__Problem requirements__
Each record needs to be retyped exactly, though its pictures should not appear.

__Supplied records__
- Opening Delimiter -
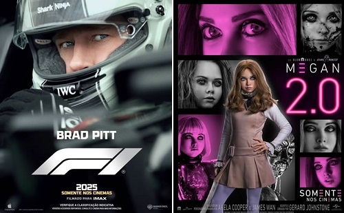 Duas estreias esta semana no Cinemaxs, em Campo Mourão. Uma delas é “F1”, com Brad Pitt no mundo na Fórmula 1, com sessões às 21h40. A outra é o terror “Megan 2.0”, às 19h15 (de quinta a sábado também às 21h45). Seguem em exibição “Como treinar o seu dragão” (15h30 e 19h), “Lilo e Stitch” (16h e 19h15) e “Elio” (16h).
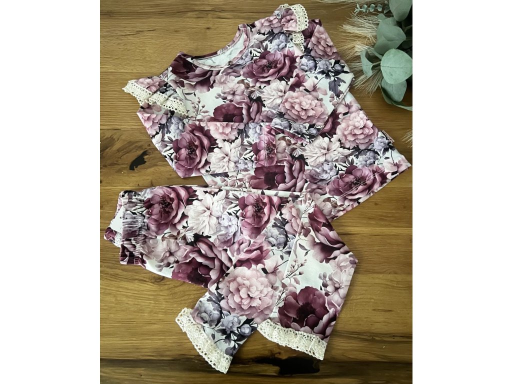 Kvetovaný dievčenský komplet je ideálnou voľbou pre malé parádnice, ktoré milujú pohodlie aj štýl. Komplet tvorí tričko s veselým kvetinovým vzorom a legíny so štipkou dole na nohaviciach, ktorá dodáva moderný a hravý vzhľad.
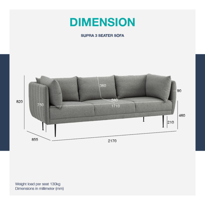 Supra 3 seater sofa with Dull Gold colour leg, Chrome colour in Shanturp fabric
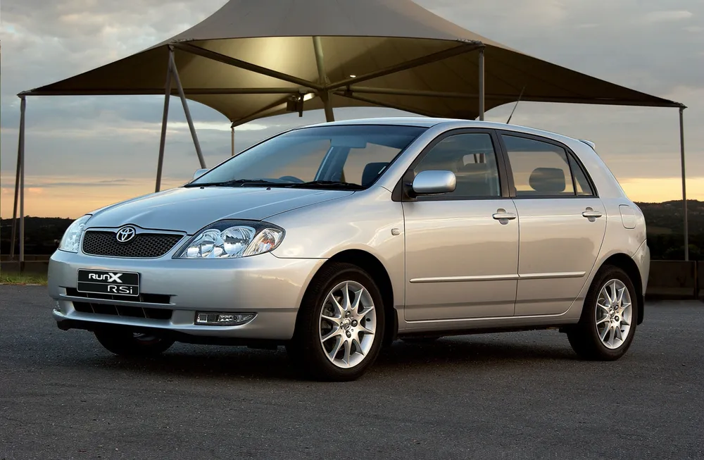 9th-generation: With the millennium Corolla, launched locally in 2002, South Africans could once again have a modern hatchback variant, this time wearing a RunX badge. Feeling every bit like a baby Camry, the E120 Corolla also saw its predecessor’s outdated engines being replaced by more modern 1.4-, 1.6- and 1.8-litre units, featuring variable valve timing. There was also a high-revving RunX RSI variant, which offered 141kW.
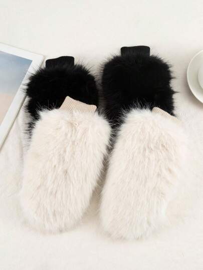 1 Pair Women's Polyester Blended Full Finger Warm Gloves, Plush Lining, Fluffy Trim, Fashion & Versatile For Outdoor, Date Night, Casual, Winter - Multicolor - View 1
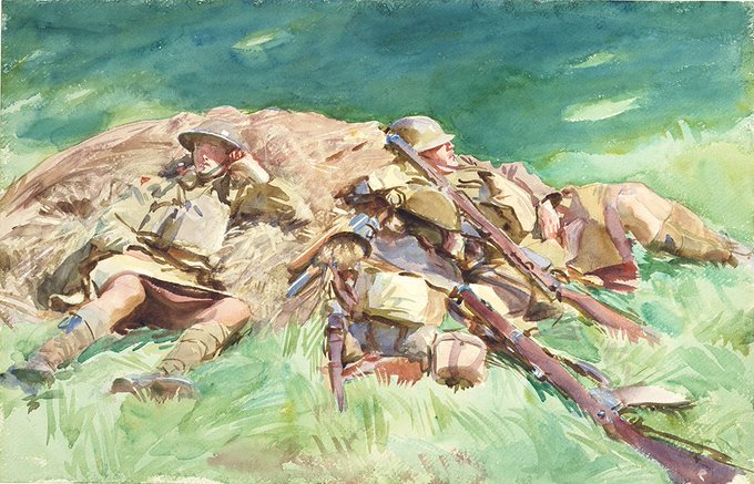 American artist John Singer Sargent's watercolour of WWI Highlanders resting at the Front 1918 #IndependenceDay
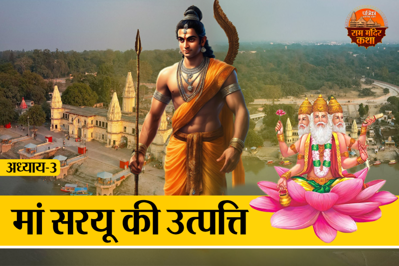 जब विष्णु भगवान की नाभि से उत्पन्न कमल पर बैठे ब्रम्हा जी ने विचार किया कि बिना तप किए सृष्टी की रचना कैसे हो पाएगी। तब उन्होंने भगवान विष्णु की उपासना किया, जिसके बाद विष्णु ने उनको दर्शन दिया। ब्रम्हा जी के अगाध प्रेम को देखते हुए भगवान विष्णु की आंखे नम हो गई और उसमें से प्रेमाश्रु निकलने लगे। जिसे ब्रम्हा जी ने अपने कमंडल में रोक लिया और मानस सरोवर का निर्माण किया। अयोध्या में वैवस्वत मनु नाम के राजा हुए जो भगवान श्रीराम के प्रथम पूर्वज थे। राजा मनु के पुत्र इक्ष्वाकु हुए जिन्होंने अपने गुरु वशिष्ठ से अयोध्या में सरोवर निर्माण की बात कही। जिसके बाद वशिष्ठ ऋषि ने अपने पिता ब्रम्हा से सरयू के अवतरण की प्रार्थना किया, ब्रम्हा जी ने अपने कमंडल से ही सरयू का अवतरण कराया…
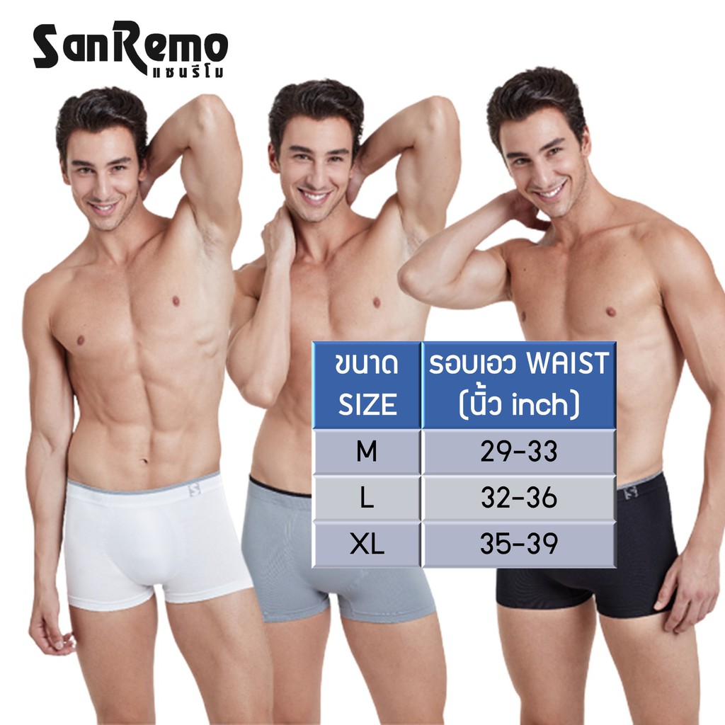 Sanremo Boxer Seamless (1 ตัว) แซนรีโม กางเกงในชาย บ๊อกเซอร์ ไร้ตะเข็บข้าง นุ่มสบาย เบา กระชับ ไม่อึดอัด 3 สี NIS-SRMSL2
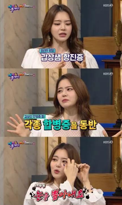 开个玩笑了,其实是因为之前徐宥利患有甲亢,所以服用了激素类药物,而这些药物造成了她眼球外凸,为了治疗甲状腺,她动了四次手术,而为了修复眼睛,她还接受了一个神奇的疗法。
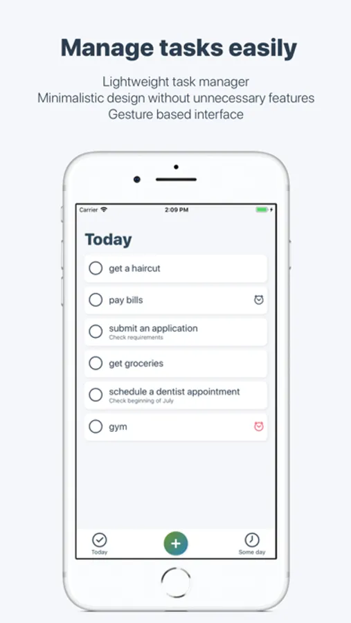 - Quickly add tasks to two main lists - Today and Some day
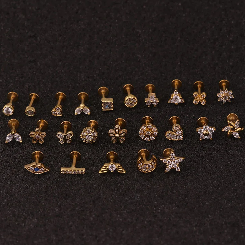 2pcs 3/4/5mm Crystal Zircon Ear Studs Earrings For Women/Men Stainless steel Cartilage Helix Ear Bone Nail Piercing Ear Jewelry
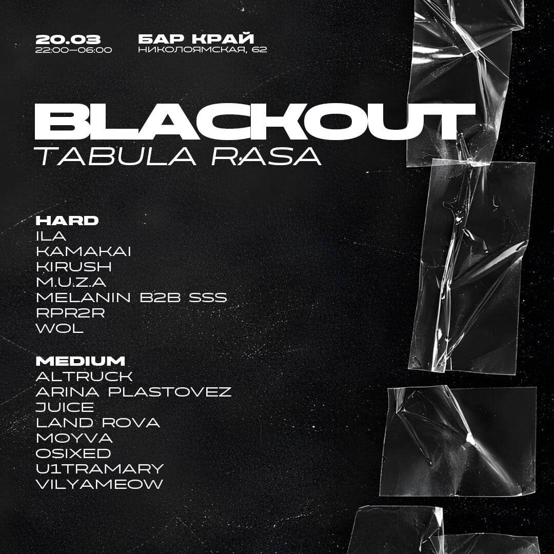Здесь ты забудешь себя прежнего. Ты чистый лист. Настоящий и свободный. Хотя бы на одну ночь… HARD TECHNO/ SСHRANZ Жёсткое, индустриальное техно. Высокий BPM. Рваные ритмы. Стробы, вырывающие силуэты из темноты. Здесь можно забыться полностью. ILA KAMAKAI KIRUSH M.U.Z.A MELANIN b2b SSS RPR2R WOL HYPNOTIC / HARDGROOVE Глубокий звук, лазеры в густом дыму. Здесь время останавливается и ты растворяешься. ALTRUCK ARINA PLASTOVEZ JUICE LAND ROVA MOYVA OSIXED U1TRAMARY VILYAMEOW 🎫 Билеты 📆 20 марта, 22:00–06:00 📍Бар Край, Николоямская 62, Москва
- Closing Delimiter -
__Answer below__
 Duas estreias esta semana no Cinemaxs, em Campo Mourão. Uma delas é “F1”, com Brad Pitt no mundo na Fórmula 1, com sessões às 21h40. A outra é o terror “Megan 2.0”, às 19h15 (de quinta a sábado também às 21h45). Seguem em exibição “Como treinar o seu dragão” (15h30 e 19h), “Lilo e Stitch” (16h e 19h15) e “Elio” (16h).
 Kvetovaný dievčenský komplet je ideálnou voľbou pre malé parádnice, ktoré milujú pohodlie aj štýl. Komplet tvorí tričko s veselým kvetinovým vzorom a legíny so štipkou dole na nohaviciach, ktorá dodáva moderný a hravý vzhľad.
 Supra 3 seater sofa with Dull Gold colour leg, Chrome colour in Shanturp fabric
 9th-generation: With the millennium Corolla, launched locally in 2002, South Africans could once again have a modern hatchback variant, this time wearing a RunX badge. Feeling every bit like a baby Camry, the E120 Corolla also saw its predecessor’s outdated engines being replaced by more modern 1.4-, 1.6- and 1.8-litre units, featuring variable valve timing. There was also a high-revving RunX RSI variant, which offered 141kW.
 1 Pair Women's Polyester Blended Full Finger Warm Gloves, Plush Lining, Fluffy Trim, Fashion & Versatile For Outdoor, Date Night, Casual, Winter - Multicolor - View 1
 American artist John Singer Sargent's watercolour of WWI Highlanders resting at the Front 1918 #IndependenceDay
 जब विष्णु भगवान की नाभि से उत्पन्न कमल पर बैठे ब्रम्हा जी ने विचार किया कि बिना तप किए सृष्टी की रचना कैसे हो पाएगी। तब उन्होंने भगवान विष्णु की उपासना किया, जिसके बाद विष्णु ने उनको दर्शन दिया। ब्रम्हा जी के अगाध प्रेम को देखते हुए भगवान विष्णु की आंखे नम हो गई और उसमें से प्रेमाश्रु निकलने लगे। जिसे ब्रम्हा जी ने अपने कमंडल में रोक लिया और मानस सरोवर का निर्माण किया। अयोध्या में वैवस्वत मनु नाम के राजा हुए जो भगवान श्रीराम के प्रथम पूर्वज थे। राजा मनु के पुत्र इक्ष्वाकु हुए जिन्होंने अपने गुरु वशिष्ठ से अयोध्या में सरोवर निर्माण की बात कही। जिसके बाद वशिष्ठ ऋषि ने अपने पिता ब्रम्हा से सरयू के अवतरण की प्रार्थना किया, ब्रम्हा जी ने अपने कमंडल से ही सरयू का अवतरण कराया…
 Sanremo Boxer Seamless (1 ตัว) แซนรีโม กางเกงในชาย บ๊อกเซอร์ ไร้ตะเข็บข้าง นุ่มสบาย เบา กระชับ ไม่อึดอัด 3 สี NIS-SRMSL2
 开个玩笑了,其实是因为之前徐宥利患有甲亢,所以服用了激素类药物,而这些药物造成了她眼球外凸,为了治疗甲状腺,她动了四次手术,而为了修复眼睛,她还接受了一个神奇的疗法。
 - Quickly add tasks to two main lists - Today and Some day
 2pcs 3/4/5mm Crystal Zircon Ear Studs Earrings For Women/Men Stainless steel Cartilage Helix Ear Bone Nail Piercing Ear Jewelry
Здесь ты забудешь себя прежнего. Ты чистый лист. Настоящий и свободный. Хотя бы на одну ночь… HARD TECHNO/ SСHRANZ Жёсткое, индустриальное техно. Высокий BPM. Рваные ритмы. Стробы, вырывающие силуэты из темноты. Здесь можно забыться полностью. ILA KAMAKAI KIRUSH M.U.Z.A MELANIN b2b SSS RPR2R WOL HYPNOTIC / HARDGROOVE Глубокий звук, лазеры в густом дыму. Здесь время останавливается и ты растворяешься. ALTRUCK ARINA PLASTOVEZ JUICE LAND ROVA MOYVA OSIXED U1TRAMARY VILYAMEOW 🎫 Билеты 📆 20 марта, 22:00–06:00 📍Бар Край, Николоямская 62, Москва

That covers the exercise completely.